A €4bn seven-year social bond for Caisse d'Amortissement de la Dette Sociale received bumper books of over €26bn on Tuesday, highlighting once again the change in fortunes for French agencies after a torrid second half of 2022.
Demand for the French agency's trade was almost on a par with that seen for Spain on the same day, landing at over €25.3bn, excluding joint lead managers' demand, versus books of over €26.83bn for Spain's July 2039 syndication, also excluding JLM demand.
While public sector borrowers have been able to go further out on the curve in 2023, demand has been a lot more buoyant up to 10 years. In the case of French agencies, there is an additional dimension, with the sell-off in OATs making them look attractive again versus mid-swaps.
"It's coming around 6bp over mid-swaps and I think the general consensus among investors is that swap spreads won't be underperforming massively from here and that we've reached a floor," a lead said. "Yields have gone back up and you're now getting 10-year OATs at 3% and your spread here is over 30bp over OATs. All of this helps."
Credit Agricole, JP Morgan, Morgan Stanley and Natixis priced the trade at 31bp above OATs, 3bp in from guidance. That spread left a 3bp new issue concession, said a senior banker away from the transaction.
Cades’ print was “in line with what we have come to see from a lot of the French agencies", he said. "The repricing versus swaps has been particularly powerful for the names that price versus their govvies – so the outperformance of French and Spanish agencies and regions is not necessarily a surprise.
“You’re coming into a market where you have German Laender pricing negative versus swaps all the way out to 10 years. You have KfW and European Investment Bank, which continue to outperform. And then you have Cades, which is able to come into the market, yes offer a few basis points of concession, but price at a fairly decent spread versus swaps in positive territory. That’s attracting a lot of investors to the table.”
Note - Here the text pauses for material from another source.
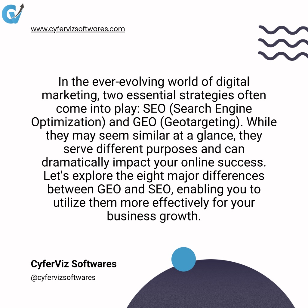 www.cyfervizsoftwares.com In the ever-evolving world of digital marketing, two essential strategies often come into play: SEO (Search Engine Optimization) and GEO (Geotargeting). While they may seem similar at a glance, they serve different purposes and can dramatically impact your online success. Let's explore the eight major differences between GEO and SEO, enabling you to utilize them more effectively for your business growth. CyferViz Softwares @cyfervizsoftwares

Cades’ French peers have performed well in 2023, not least Caisse des Depots et Consignations, which secured a record book of more than €8.3bn on a €1bn long 10-year deal earlier in February.
“What worked against the French agencies [in 2022] is working for them [this year]” a lead on that deal said at the time. He was referring to their pricing versus OATs, which made them look expensive on a mid-swaps basis in 2022 but is now making them look attractive from that perspective.
German Laender were also represented in the primary market on Tuesday. Brandenburg priced a €600m nine-year at 4bp through mid-swaps, 1bp in from the starting spread. The leads Barclays, DekaBank, Erste Group, HSBC and UniCredit gathered a €770m book.
The issuer had initially been looking at a €500m deal, a lead on the print said. He did not comment on the new issue premium.